Effective Cache utilization in Multi-core Real Time Operating System

Cache memory has grown to be an essential component of CPU architecture due to the growing gap between processing power and main memory access latency. The cache design that processors use has numerous levels, with the smallest, fastest private caches (Level 1) supported to the largest, slowest caches (Level 2). Snoop Control Units (SCUs) have been added to multi-core processors to ensure the coherency of private cache data. The literature that is currently available discusses application-specific cache alignment methods.

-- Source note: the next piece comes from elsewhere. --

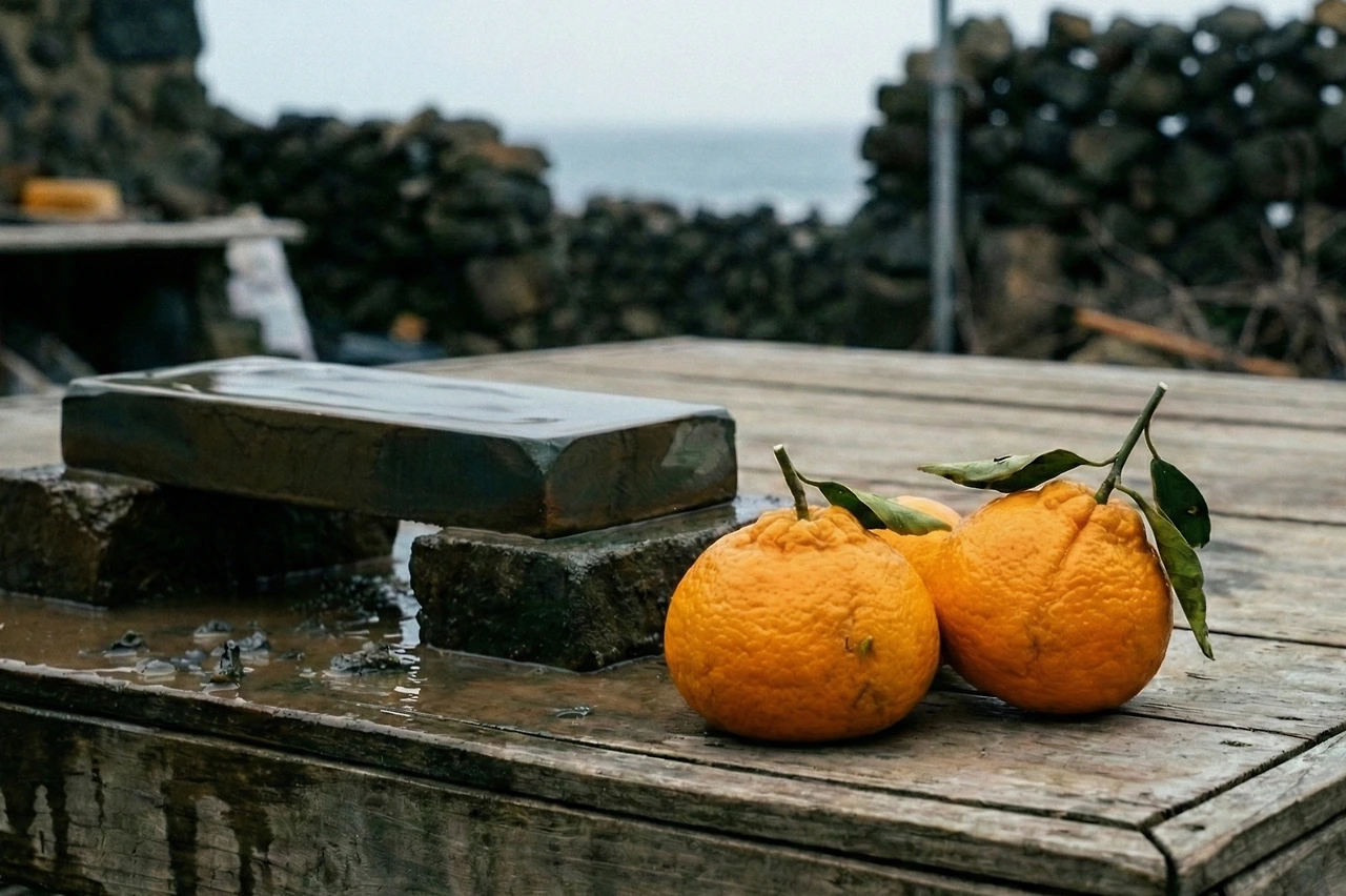 내 트럭 엔진 소리만 들리면 삼춘은 바다에서 막 올라온 모습으로 맨발로 뛰어나오곤 했다. 젖은 해녀복을 반쯤 걸친 채 숨을 헉헉거리며 손을 내밀고는, 주머니에서 늘 작고 따뜻한 것을 꺼냈다.

When inter-core communication begins to function at the OS level, Symmetric Multi-Processing (SMP)/Asymmetric Multi-Processing (AMP) Real Time Operating Systems (RTOS) will add a significant amount of overhead to system activities. This study is the first to propose an unique signalling technique between the cores based on cache aware information lookups. It is implemented as "SCHEDULE-ASSIST" and "ENTITY-ASSIST" in the Little Kernel scheduler, an SMP RTOS scheduler. We demonstrate an up to 13% improvement in RTOS processing Key Performance Indices (KPI) for RTOS’ Application Programming Interfaces (APIs) compared to schemes that are unaware of the cache design through analytical modelling and implementation using a Xilinx Evaluation Kit.